Non, il ne s'agit pas de l'inversion du sujet (dans les deux exemples que vous donne Paquit& le sujet est inclu dans la desinence du verbe) il s'agit du mode employé, le subjonctif .
Le dictionnaire de WR a un conjugueur, de même que la RAE. (À mettre dans vos pages de références  )

Au revoir, hasta luego


----------



## Paquita

Il n'y a pas d'inversion du verbe et du sujet, parce que si je ne m'abuse, dans les phrases "plus vous parrainez-de personnes" et "Plus vous identifiez de messages indésirables" le sujet, c'est "vous" et pas "personnes" ; dans la tienne, "il y a" est un impersonnel qui par définition n'a pas de sujet...  C'est juste qu'on ne sépare pas l'expression "cuantas más" du nom qu'elle accompagne.

Un autre exemple pour te permettre de trouver la troisième :
"Cuantos más balones toque Messi, mejor" source

Et un petit dernier pour confirmer :
"Cuantos más seamos en el campo más fácil será" source

Donne ta solution et la règle que tu appliques, s'il te plait, pour que nous soyons sûrs que tu as bien compris.


----------



## ejaal3

Ah merci, je pense avoir trouvé, lorsque c'est du futur en francais, on met du subjonctif présent en espagnol ! Comme après "*para que*" ? 

Donc : 

"Cuantas más copas haya, más beberemos" ?


----------



## Paquita

ejaal3 said:


> Comme après "*para que*" ?


Non, après "para que" on met toujours le subjonctif comme en français avec "pour que"

Ici, c'est à cause du futur... Tu as utilisé l'indicatif dans tes deux autres exemples, car le présent ou le passé sont des faits réels. 
Le futur exprime une hypothèse, quelque chose qu'on a prévu mais qui ne se réalisera peut-être pas.

Le subjonctif au lieu du futur en espagnol tu le retrouves avec cuando : "quand tu viendras me voir = cuando vengas a verme"... je ne suis pas du tout sûre que tu n'auras pas empêchement, un accident, une maladie qui rendront ta visite impossible.

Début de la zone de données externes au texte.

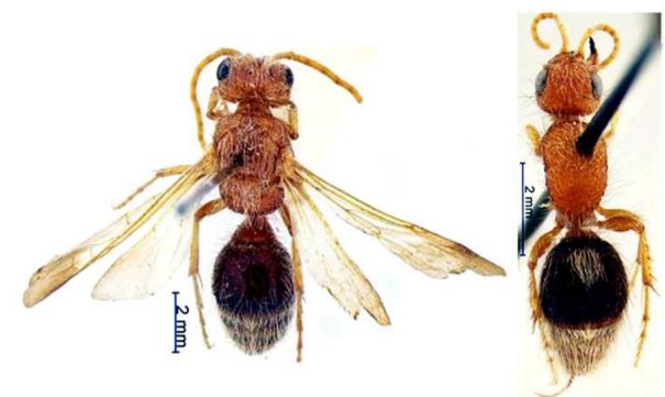
Figure 4. Female (right) and male (left) of Dentilla dehghanii sp. nov., (photos prepared by Lelej 2025)

This sting caused severe pain, itching, and redness of the skin that persisted for about a week in the victims.
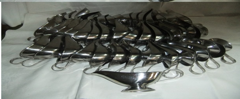
42 Gravy Boats
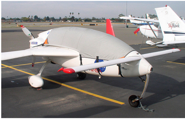
Gyroflug Speed Canard Canopy Cover
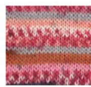
3971 antique rose
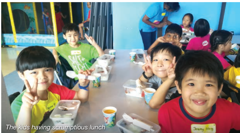
The kids having scrumptious lunch
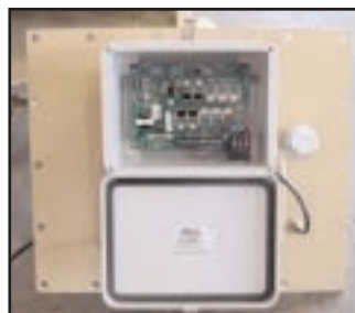
Optional Automatic Timer Cleaning System
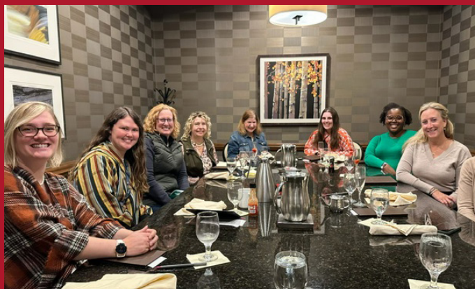
Brunch at Bordeaux
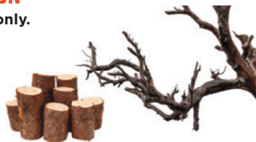
MEDIUM LIMBING & SECTIONING
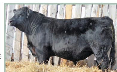
RIVERSIDE ACTIVE DUTY 762E SIRE OF LOT 32

Lots of Maternal strength in the pedigree of TCS 74G, her dam has a full brother in the sale.
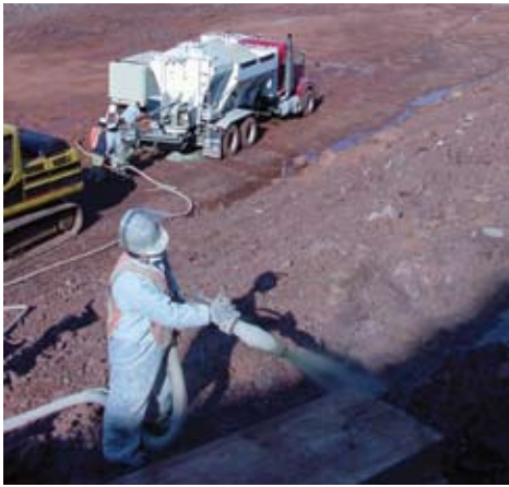
Fig. 7: Dry-mix vertical shotcrete
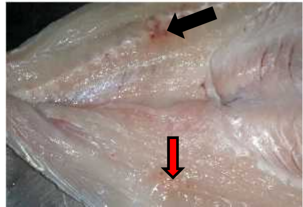
Fig. (3): Internal signs of whirling disease in an infected C. carpio . black arrow indicate red sores and red arrow indicates white sac of sporocysts.

Cross sections were prepared from the infected part of the vertebral column. The sections revealed that the spinal cord has its normal structure (Plate 1, white arrow), which consists of adipose tissue (plate 1, T) and inner tissue of the spinal cord (plate 1, S). Both tissues were found without any significant pathogenicity.
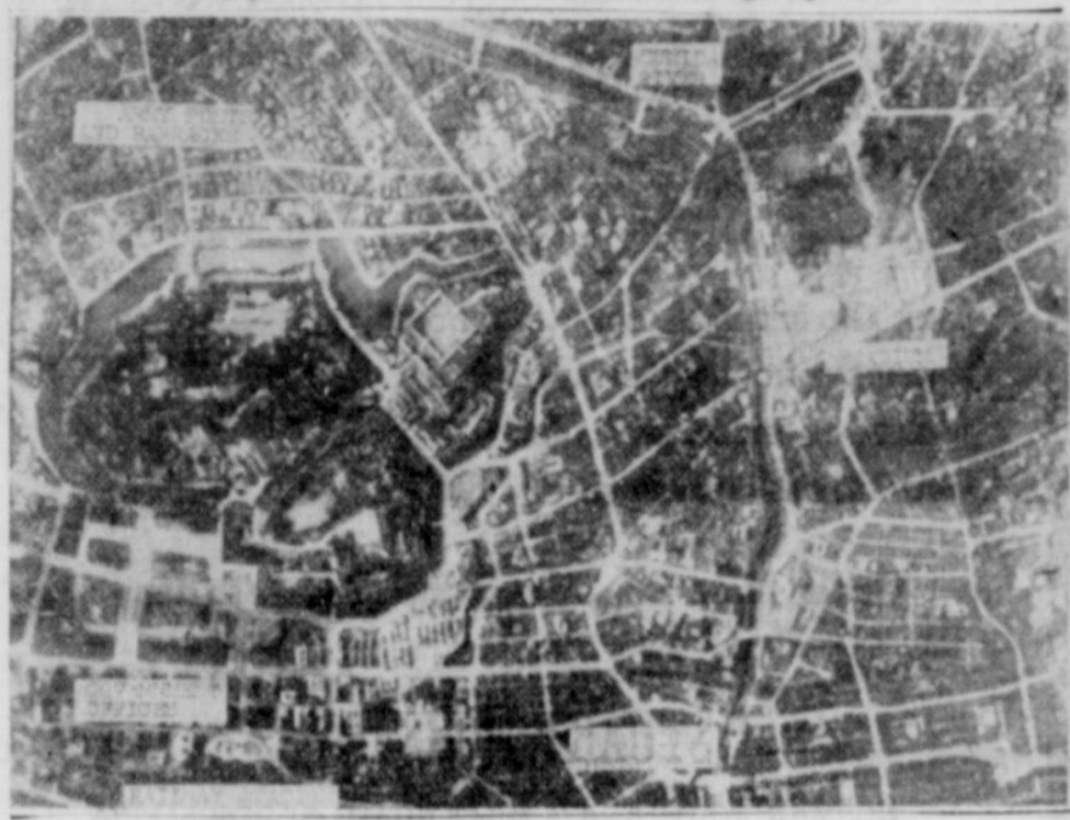
Moated Palace grounds in the heart of Tokyo as photographed for the first time by Saipan-based Superforts. Just below palace, left center, is a large railroad station. The Sumida River runs past a large stadium. At upper right can be seen wartime firebreaks cleared through congested areas, Tokyo's hope against a city sweeping conflagration.
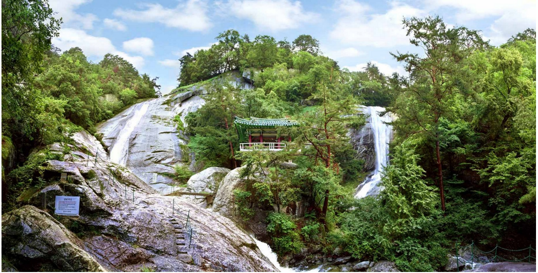
Ryongyon Falls (left) and Sanju Falls (right)

Dans ta phrase, "plus il y aura de" veut dire "plus il sera susceptible d'y avoir"... et on n'est pas du tout sûr que le nombre augmentera.

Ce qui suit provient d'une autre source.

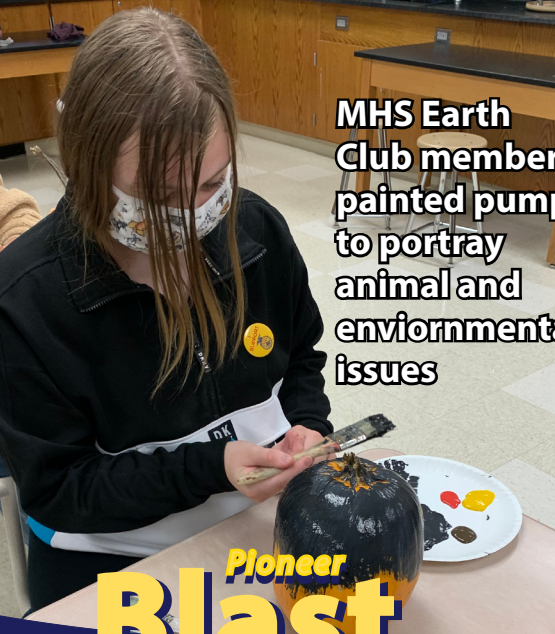
MHS Earth Club members painted pumpkins to portray animal and environmental issues
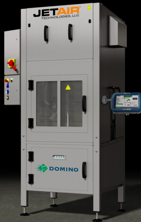
WITHOUT THE SURECODE™

The SureCode™ brings top-tier drying equipment together with state-of-the-art printing technology, ensuring your codes are pristine. Product flows through an integrated drying/blow-off chamber, removing any water and debris prior to printing for clear, legible, and reliable codes. Using JetAir's high-speed, high-efficiency blower and Domino's Ax-Series continuous inkjet technology, this system has built-in quality assurance. The SureCode™ is custom designed to handle the widest range of containers and line speeds up to 2,975 cpm. It easily integrates into existing packaging lines and all plant control networks. Standard and custom systems are available.
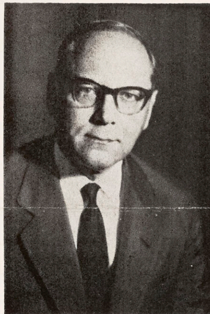
HON. BINYAMIN ELIAV

Consul General of Israel in New York City
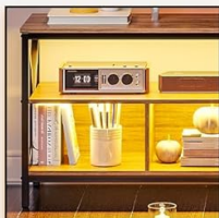
Large Open Storage Space
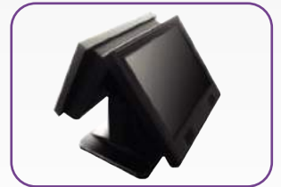
2nd 7" or 10" Display
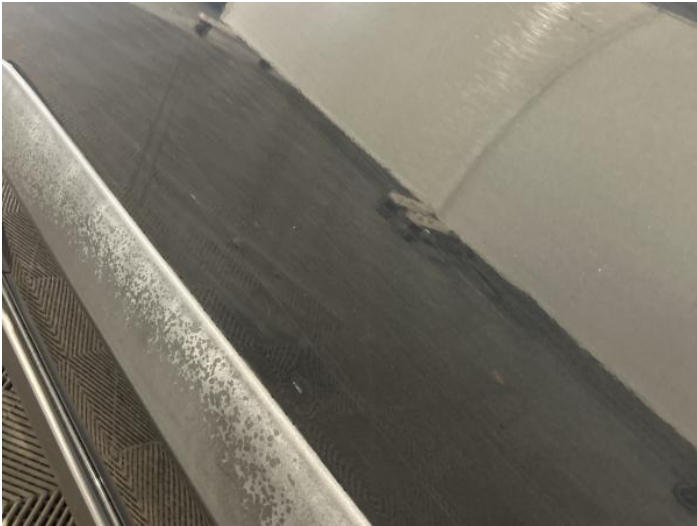
15: Door nsf Scratched Over 25mm Not Thru Paint

Au fait, c'est juste maintenant !


----------



## ejaal3

Ah d'accord, en tout cas merci beaucoup Paquit& et Cintia&Martine, ça m’éclaire un peu plus sur l'utilisation du subjonctif présent, et du futur !

Merci


----------



## Mister Draken

NUEVA PREGUNTA​
Entiendo la estructura plus... plus. Y entiendo que se traduce *cuanto más... más.*

Sin embargo, me he topado con esta forma usada con tiempos futuros y me pregunto si el primer término no debe convertirse en condicional.

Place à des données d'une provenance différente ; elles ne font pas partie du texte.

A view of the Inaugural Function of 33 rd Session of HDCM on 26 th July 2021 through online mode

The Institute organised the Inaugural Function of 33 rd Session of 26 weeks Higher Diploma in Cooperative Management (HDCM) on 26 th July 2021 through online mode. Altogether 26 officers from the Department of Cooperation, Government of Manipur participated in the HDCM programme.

*Plus* les oeuvres contemporaines ne seront qu'elles-mêmes, littérales, ne relevant d'aucin arrière-momnde, ou n'exprimant aucun sens transcendant, *plus* reviendront leurs archives quasi-spectrales. 


"*Cuanto más las obras contemporáneas sean únicamente ellas mismas, literales, sin depender de ningún mundo segundo o sin expresar ningún sentido trascendente, más sus archivos se volverán casi espectrales."*

Otro ejemplo del mismo libro:

Paradoxalement, *plus* la démocratie *va agrandir* son cercle tocquevillien inclusif (le bio-politique moderne selon Foucault, l'intégration des infirmessensoriels et psychiques selon G. Swain),* plus* les «sanspart» ranciériens *vont élargir *le champ des questions dont il faut débattre("la politique"), *plus* la scène publique *va perdre* ses limites et ses frontières (Cl. Lefort), *plus* la temporalité de la communauté "en acte" *sera* la simultanéité  (Nancy) ; *et plus* les appareils postrévolutionnaires *se tourneront* vers le passé.

Paradojalmente, *mientras más* la democracia *ensanche* su círculo tocquevilliano inclusivo (la biopolítica moderna según Foucault, la integración de los lisiados sensoriales y psíquicos según G. Swain), más los “sans-part” ranciereanos van a ampliar el campo de las cuestiones sobre las cuales es necesario debatir (“la política”), más la escena pública va a perder sus límites y sus fronteras (Lefort), más la temporalidad de la comunidad “en acto” será la simultaneidad (Nancy); y más los aparatos posrevolucionarios se volverán hacia el pasado. 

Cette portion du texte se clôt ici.